Task to carry out » Print nothing beyond the line with "၀န္းရံလိုက္ပါဖုိ႔ ဆိုတဲ့ အစီအစဥ္ပါပဲ။": every line from the beginning of the data up to it, that line included, and no pictures.

Source material »
***

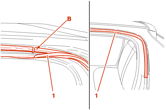 Position the drip moulding seal (1) in the housing (B) .
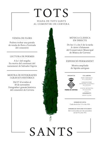 Mai m’hauria passat pel cap que faria un post sobre el cementiri de Cervera però m’he adonat que valia la pena que quedés constància de tot el que s’havia programat al voltant de la festa de Tots Sants. Els responsables del cementiri han sabut organitzar una sèrie d’activitats que, com s’ha fet en altres llocs, han reconvertit aquest espai, abans llòbrec i apagat, en un lloc agradable de visitar i molt proper. Recordem molts dels cementiris europeus als que la gent hi va molt sovint i en té cura, com si fossin jardins particulars.
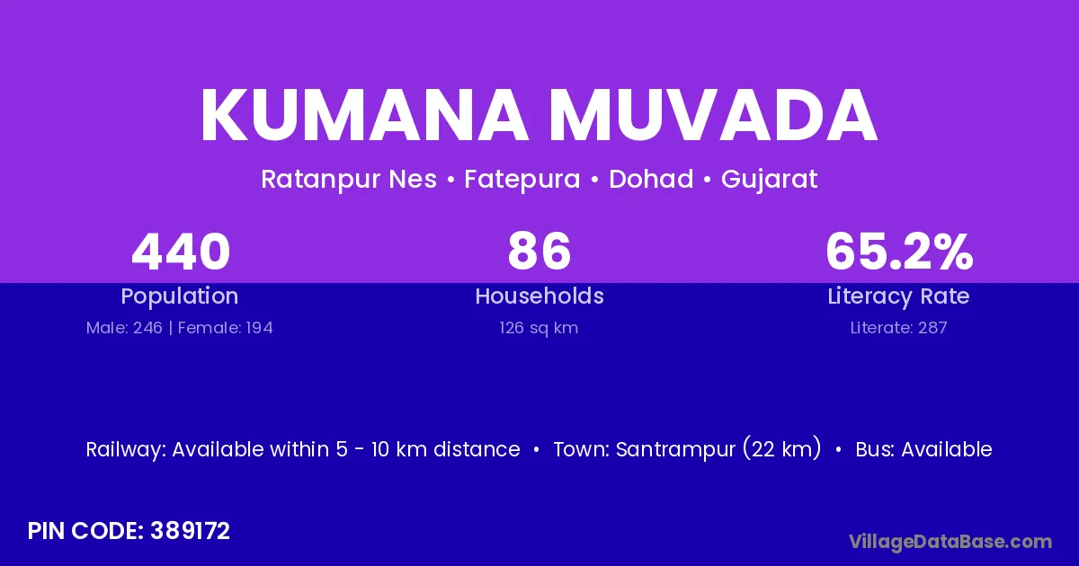 Santrampur (22 km) is the nearest town to Kumana Muvada village for major economic activities and is located approximately 22 km away.
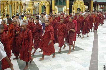 ေနာက္တခုက… အဲဒီတုန္းက သံဃာေခါင္းေဆာင္ေတြနဲ႔ က်ေနာ္တုိ႔ တိုင္ပင္သေဘာတူခဲ့တာတခုကလည္း၊ အေထြေထြ သပိတ္ႀကီးမွာ စီတန္း လမ္းေလွ်ာက္တဲ့အခါ၊ လူထု အဓိကအေနနဲ႔ လူေတြက အလယ္ကေနၿပီး၊ သံဃာေတာ္ေတြက ေဘးကေန ၀န္းရံလိုက္ပါဖုိ႔ ဆိုတဲ့ အစီအစဥ္ပါပဲ။
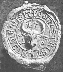 By the 1230s, Buzád I's son Arnold I founded the kindred's monastery at Hahót, the namesake seat of his family, dedicated to Margaret of Antioch.[8] Archaeologists argued the Hahóts erected their monastery on a basis of a royal convent founded by Ladislaus I of Hungary. However, in fact, the Hahót monastery was only a common burial place among the Hahót clan, as its branches moved away from each other by then.[9] In 1248, Michael I of the Hahold branch founded a Franciscan friary in Szemenye (today in Muraszemenye), also dedicated to Mary the Virgin.[10][11] Later the Bánfi de Alsólendva family, descendants of the Hahót kindred through his brother Hahold III, became patron of the monastery.[10] One of the members of the more powerful Buzád branch, Atyusz (or Csák I) erected a Premonstratensian monastery at Rajk around 1270.[12]
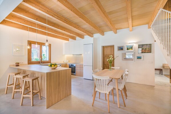 La casa ha sido reformada y terminada en junio de 2022 con materiales de alta calidad y respetando la nueva normativa ambiental energética.El interior es espacioso y luminoso, con muebles modernos. Todas las habitaciones están a nivel del suelo (tenga en cuenta que arriba hay un almacenamiento cerrado y no accesible). En el salón-comedor hay una cómoda zona de estar con Smart TV, Aire Acondicionado Frío y calor para agradables veladas en las vacaciones de otoño o primavera o los días más calurosos del verano. La cocina moderna tiene electrodomésticos que incluyen un lavavajillas, un horno. También hay un lavadero con lavadora.Hay tres bonitos dormitorios, dos dormitorios dobles con cama de matrimonio, uno de ellos con baño en suite y otro dormitorio con dos camas individuales. Hay otro baño completo con ducha.Esta es una opción perfecta para familias que quieren su propia villa privada y piscina, pero también tienen cerca la hermosa bahía de Cala Molins, ¿por qué no tenerlo todo?
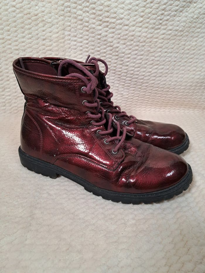 Bottines rouge bordeaux en cuir synthétique - Tissaia - Taille 40 👢 - photo numéro 5
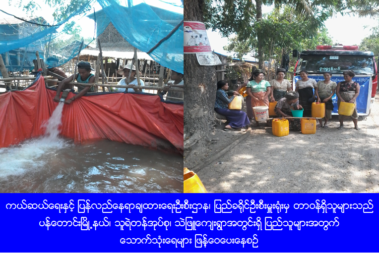 ကယ်ဆယ်ရေးနှင့် ပြန်လည်နေရာချထားရေးဦးစီးဌာန၊ ပြည်ခရိုင်ဦးစီးမှူးရုံးမှ တာဝန်ရှိသူများသည် (၃၀-၄-၂၀၁၆) ရက်နေ့တွင် ပြည်ခရိုင်၊ ပန်တောင်းမြို့နယ်၊ သူရဲတန်အုပ်စု၊ သဲဖြူကျေးရွာသို့သောက်သုံးရေဂါလံ ၁၆၀၀ အားဖြန့်ဝေပေးခဲ့ကြောင်း သိရှိရပါသည်။
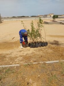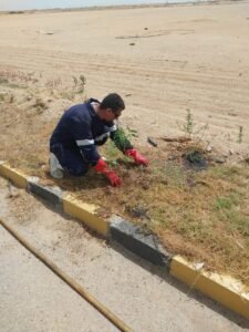 وفي ظل التوسع في المساحات الخضراء ولتحقيق استيعاب أكثر لكميات المياه المنتجة كوسيلة للتخلص الآمن من مياه الصرف الصحي المعالج،  تقوم الشركة بتنفيذ خط ري قطر 1 بوصة يعمل بنظام الرشاشات لتطوير منظومة الري داخل المحطة وزراعة ألف شجرة حول أسوار المحطة لتقليل البصمة الكربونية.

***

Answer to the exercise »
 Position the drip moulding seal (1) in the housing (B) .
 Mai m’hauria passat pel cap que faria un post sobre el cementiri de Cervera però m’he adonat que valia la pena que quedés constància de tot el que s’havia programat al voltant de la festa de Tots Sants. Els responsables del cementiri han sabut organitzar una sèrie d’activitats que, com s’ha fet en altres llocs, han reconvertit aquest espai, abans llòbrec i apagat, en un lloc agradable de visitar i molt proper. Recordem molts dels cementiris europeus als que la gent hi va molt sovint i en té cura, com si fossin jardins particulars.
 Santrampur (22 km) is the nearest town to Kumana Muvada village for major economic activities and is located approximately 22 km away.
 ေနာက္တခုက… အဲဒီတုန္းက သံဃာေခါင္းေဆာင္ေတြနဲ႔ က်ေနာ္တုိ႔ တိုင္ပင္သေဘာတူခဲ့တာတခုကလည္း၊ အေထြေထြ သပိတ္ႀကီးမွာ စီတန္း လမ္းေလွ်ာက္တဲ့အခါ၊ လူထု အဓိကအေနနဲ႔ လူေတြက အလယ္ကေနၿပီး၊ သံဃာေတာ္ေတြက ေဘးကေန ၀န္းရံလိုက္ပါဖုိ႔ ဆိုတဲ့ အစီအစဥ္ပါပဲ။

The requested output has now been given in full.